While the Company periodically reassesses material trends and uncertainties affecting the Company’s results of operations and financial condition in connection with the preparation of “Management’s Discussion and Analysis of Financial Condition and Results of Operations” and certain other sections contained in the Company’s quarterly, annual or other reports filed with the SEC, the Company does not intend to review or revise any particular forward-looking statement in light of future events.
| A discussion of important factors that could cause the actual results of operations or financial condition of the Company to differ from expectations has been set forth in the Company’s Annual Report on Form 10-K for the year ended December 31, 2008 within Part II, Item 7: “Management’s Discussion and Analysis of Financial Condition and Results of Operations” under the caption “Forward Looking Statements” and is incorporated herein by reference. Some of the factors are also discussed elsewhere in this Form 10-Q and in prior Company filings with the SEC. In addition, other factors have been or may be discussed from time to time in the Company’s SEC filings. |
| Quantitative and Qualitative Disclosures About Market Risk |
In the normal course of business the Company is subject to risk from adverse fluctuations in foreign exchange and interest rates and commodity prices. The Company manages these risks through a program that includes the use of derivative financial instruments, primarily swaps and forwards.
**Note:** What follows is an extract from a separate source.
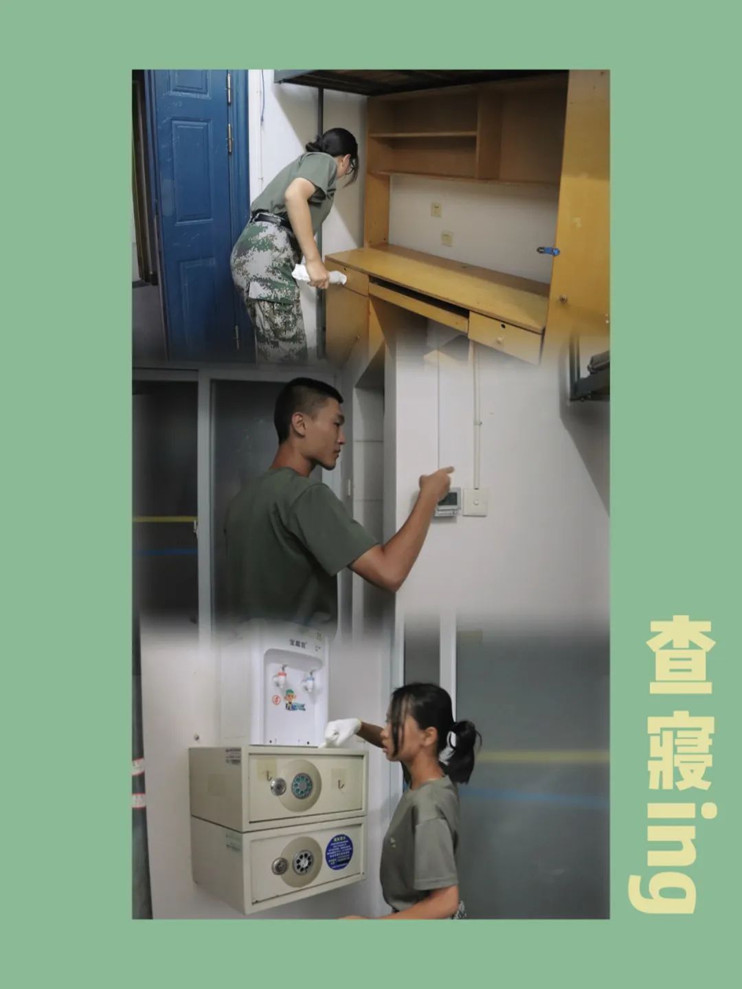 正式查寝时,呈现在教官面前的是严谨方正的“豆腐块”、有序摆放的洗漱用具、洁白透亮的洗手池、干净整洁的桌面、衣物悬挂整齐的衣柜....

Counterparties to these contracts are major financial institutions. The Company is exposed to credit loss in the event of nonperformance by the counterparties. These instruments are not used for trading or speculative purposes. The extent to which the Company uses such instruments is dependent upon its access to these contracts in the financial markets and its success in using other methods, such as netting exposures in the same currencies to mitigate foreign exchange risk and using sales agreements that permit the pass-through of commodity price and foreign exchange rate risk to customers. The Company’s objective in managing its exposure to market risk is to limit the impact on earnings and cash flow. For further discussion of the Company’s use of derivative instruments and their fair values at June 30, 2009, see Note G to the consolidated financial statements included in this Quarterly Report on Form 10-Q.
As of June 30, 2009, the Company had approximately $0.9 billion principal floating interest rate debt. A change of 0.25% in these floating interest rates would change annual interest expense by approximately $2 million before tax.
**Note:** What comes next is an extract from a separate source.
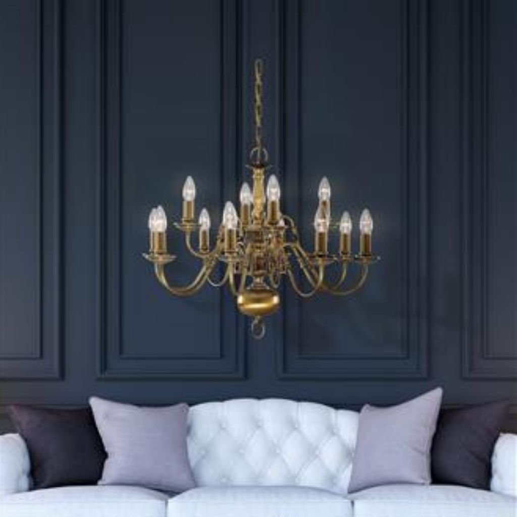 Flemish 12Lt je klasické závěsné svítidlo s dvanácti rameny, které vyniká svým elegantním a nadčasovým designem.

As of the end of the period covered by this Quarterly Report on Form 10-Q, management, including the Company’s Chief Executive Officer and Chief Financial Officer, has evaluated the effectiveness of the design and operation of its disclosure controls and procedures. Based upon that evaluation and as of the end of the quarter for which this report is made, the Company’s Chief Executive Officer and Chief Financial Officer concluded that the disclosure controls and procedures were effective. Disclosure controls and procedures ensure that information to be disclosed in reports that the Company files and submits under the Exchange Act is recorded, processed, summarized and reported within the time periods specified in the rules and terms of the Securities and Exchange Commission, and ensure that information required to be disclosed in the reports that the Company files or submits under the Exchange Act is accumulated and communicated to the Company’s management, including its Chief Executive Officer and Chief Financial Officer, to allow timely decisions regarding required disclosure.
There has been no change in internal controls over financial reporting that occurred during the period covered by this report that has materially affected, or is reasonably likely to materially affect, the Company’s internal control over financial reporting.